Podría decirse que las principales atracciones del Moulin Rouge que lo convirtieron en el local más visitado de la época, a pesar de la competencia de cafés del tamaño del Folies-Bergères, fueron, primero, un gigantesco elefante que había sido construido para la Exposición Universal de 1889 y que ocupaba toda la parte de atrás del salón de baile —el cliente podía subir por una escalera en espiral al estómago vacío del animal para encontrarse, a espaldas de su esposa, con una bailarina experta en los misteriosos secretos del sexo— y, segundo un complejo baile que había sido inventado hacía más de 30 años atrás y que, nunca antes, hasta ese momento, había sido llevado al teatro. Celeste Mogador, una bailarina de polca, fue la primera en intentarlo. Se llamaba el cancán y, aunque le exigía mucho a las mujeres que lo llevaban a cabo, siempre conseguía su principal objetivo: enloquecer a los hombres.
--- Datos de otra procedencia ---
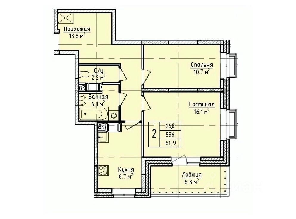 Продаётся 2-комнатная квартира в строящемся доме (Корпус 4), срок сдачи: IV-кв. 2026, общей площадью 61.9 кв.м., на 8 этаже. Расположение, транспортная доступность
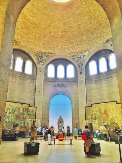 中國藝術是美國賓夕法尼亞大學考古和人類學博物館的收藏特色之一,其中國展廳設在博物館建筑最核心區域———一座圓形的大廳內,擁有數量質量均可觀的中國古代青銅器、陵墓石刻、佛教雕塑和寺觀壁畫等,曾經引領過北美地區中國藝術的收藏風潮?!爸袊鴪A廳”甚至成了北美學界的專有名詞,專指賓大博物館主穹頂下收藏著的藝術奇珍。圖從左至右分別為賓大博物館館藏唐三彩馬以及“中國圓廳”內景。
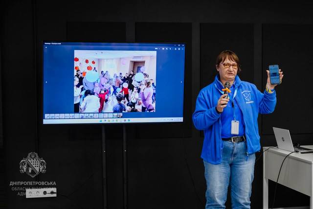Нашлось место и интересному интерактиву. Каждый мог выбрать в фотогалерее своего телефона некую знаковую фотографию, которая отображает прикосновение поддержки. Показать изображение залу и рассказать о нем. Далее по желанию поделиться в соцсетях с хэштегом #тиякпідтримка.
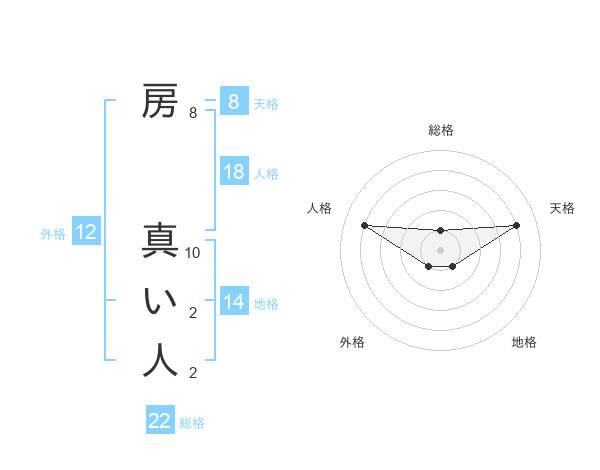 房 真い人さんの総格は22画の1点!

Pero no sólo era eso. El Absinthe, un amargo licor verde que en verdad era un alucinógeno, era la bebida de la noche, ‘el hada verde’ que hacía que las mentes volaran y las noches parecieran eternas. Las cortesanas, mujeres que en la tradición de las geishas ejercían el oficio del sexo no a cambio de dinero sino de estatus social, eran asediadas por todos pero sólo visitadas por políticos, duques y monarcas acezantes. Las bailarinas eran verdaderas celebridades. Y los artistas, contaminados por la felicidad del pueblo, escribían y pintaban en las primeras filas del teatro.

Henri de Toulouse-Lautrec, el pintor que se haría famoso por sus piernas de enano, sus inexplicables conquistas femeninas, su asiduidad al Moulin Rouge y esos estupendos dibujos que anticipaban la llegada de la cultura pop, inmortalizó, desde esas primeras filas, con la copa en una mano y el lápiz en la otra, a bailarinas como la Glotona, la Rejilla de Alcantarilla, la Momia de Queso, el Rayo de Oro y Nini Patas al Aire, y a artistas como Valentín el Deshuesado, el Pedorro o Jane Avril.

Sobre ellos, sobre los artistas, las bailarinas, los negociantes, las cortesanas y los duques, es la nueva versión cinematográfica de los años de gloria del Moulin Rouge. El cabaret, el cancán y la bohemia ya habían sido llevados al cine por directores como John Houston y Walter Lang, pero nunca antes se había dedicado toda una película a reconstruir las sensaciones que se vivían en la pista de baile y en el auditorio y a traducir toda esa época, con su locura y su velocidad, al lenguaje de hoy.

Ver la película de Baz Luhrmann es como estar en el cabaret. Como ser testigo de los últimos días de un templo a “la verdad, la belleza, la libertad y el amor” que pronto, en un par de años, con el desastre de las guerras, los incendios, los repetidos cambios de dueño y las crisis económicas, y más tarde con la llegada del cine, la televisión e Internet, sucesivamente se convertirá en un teatro concierto, un bar inofensivo, un music hall americano y una sala de cine.

La presencia de artistas como Mistinguett, Joséphine Baker y Maurice Chevalier alimentarán el espejismo. Los turistas irán y harán reservaciones. Adentro venderán relojes, afiches, perfumes, llaveros y camisetas. Y habrá que pagar 150 dólares sólo para sentarse en una de sus mesas.